The FCA has published a consultation on changes to its Handbook resulting from the Debt Respite Scheme (Breathing Space Moratorium and Mental Health Crisis Moratorium) (England and Wales) Regulations 2020 (the Regulations) which are expected to come into force in England and Wales on 4 May 2021. The aim is to clarify how the FCA’s rules interact with the Regulations. Firms should take note that, while the FCA doesn’t have powers under the Regulations to supervise compliance or enforce against them, it points out that ‘systematic non-compliance’ is likely to be of interest to it as this may place a question mark over whether a firm is meeting the specific CONC rules, the suitability requirements in its Threshold Conditions or breaching one of the Principles (eg Principle 6 – TCF).

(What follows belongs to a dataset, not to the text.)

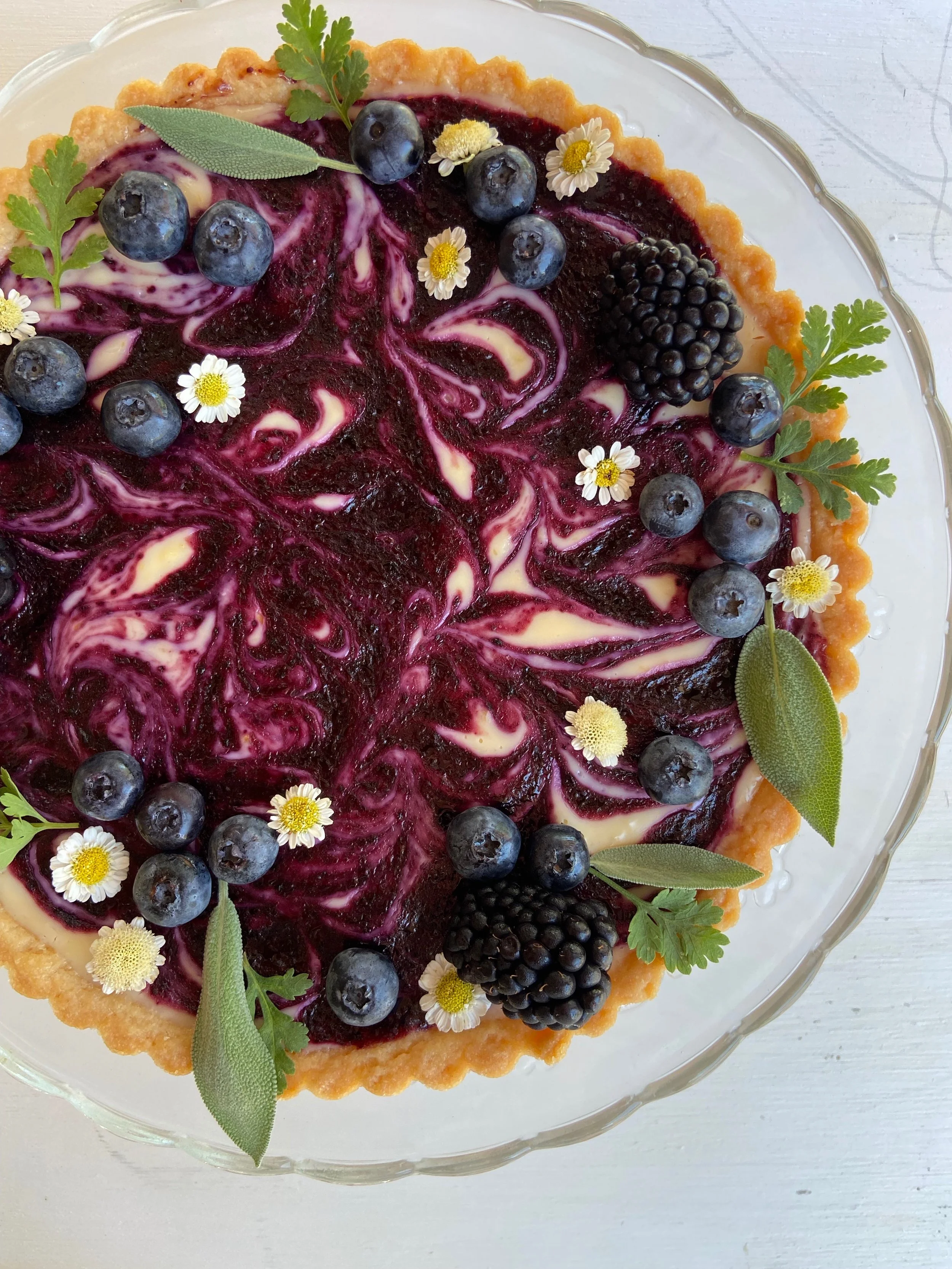 Tangy lemon filling swirled with in-season berries. Choose just the tart as-is, or, if you are serving it that day and want a little fancy, choose garnished and we'll add berries + botanicals. Serves 8-10.

The FCA explains in the consultation that there are some areas in its Handbook - specifically, some of the consumer credit conduct rules in CONC 5, 6 and 7 - where it thinks it’s necessary to clarify how its rules apply where the Regulations also apply, and avoid duplicating the effects of the Regulations in a disproportionate way. It has not identified any rules or guidance in MCOB or CONC 8 (Debt Advice) which need clarifying or amending.

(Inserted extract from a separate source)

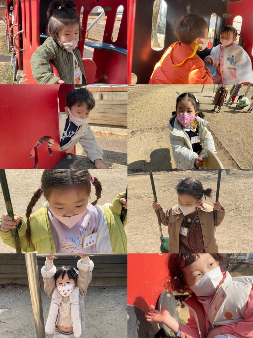 바깥놀이를 나간 수수반 친구들~! 나가서 하늘도 보고 오늘 날씨가 어떤지 느껴본답니다 날씨에 대해서 얘기를 나눈 다음 수수반이 가장 좋아하는 기차놀이터로 슝슝 기차타세요~하면서 기차놀이도 하고 그네 철봉놀이를 질서를 꼭꼭 지키며 놀이하는 아이들이에요♡

For more on the Regulations, take a look at our previous Engage article.
Persistent debt rules
Repeat overdraft use rules
Monitoring a customer’s repayments for signs of actual or possible repayment difficulty
Suspending recovery of a debt for a reasonable period
As part of its amendments to the CONC conduct rules, the FCA is proposing the addition of two new Glossary definitions for ‘Debt Respite moratorium’ and ‘moratorium debt’.
Having discussed the Regulations with stakeholders, the FCA has not identified any MCOB rules or guidance which need clarifying or amending. It notes that, while the definition of ‘arrears’ used in the Regulations and its Handbook differs, it considers that ‘firms will understand the intended meaning clearly in any given context’.
Debt advice rules in CONC 8
the FCA decided that no changes are necessary.
However, it asks whether there are any other consumer credit rules or guidance that it should consider amending.
The Regulations will apply to debtors ordinarily resident or domiciled in England or Wales only, so firms will need to factor in the jurisdictional differences when looking at required systems, policies and processes changes.
Scotland already has a separate Debt Arrangement Scheme. As mentioned in HM Treasury’s June 2019 policy proposal response on the breathing space scheme, the government will continue to work with the Department for Communities and Department for the Economy in Northern Ireland to consider the introduction of an equivalent scheme in Northern Ireland.
The closing date for the consultation is 6 January 2021. The FCA makes it clear that the consultation invites feedback on its proposed changes to the Handbook, and does not constitute guidance on the interpretation or application of the Regulations. Separate government guidance on the Regulations for creditors and debt advice organisations is planned.
The Regulations have been approved by Parliament and are currently laid before Senedd Cymru. They are expected to come into force on 4 May 2021.
The government also intends to introduce a statutory debt repayment plan (SDRP) that would enable an individual in problem debt to enter into a formal agreement with their creditors to repay all of their debts over a manageable time period, whilst receiving protections from creditor action.
The Financial Services Bill 2019-21, which has just been introduced to Parliament, will amend the Financial Guidance and Claims Act 2018 (that made provision for the creation of the debt respite scheme, ie breathing space and the SDRP) to give the government the full range of powers it needs to implement the SDRP effectively. In particular, the explanatory notes to the Bill highlight that the amendments will mean that the SDRP can include debts owed to government, can be funded by a charging mechanism, and that creditors can be compelled to accept amended repayment terms. The explanatory notes also reiterate that the government intends to make the regulations to implement the SDRP over a longer timeframe and has not set a specific implementation date.
The projected impact of COVID-19 on individuals' finances reinforces the importance of being well prepared for the launch of breathing space. Banks and other creditors should consider the necessary changes to systems, policies and processes as soon as possible.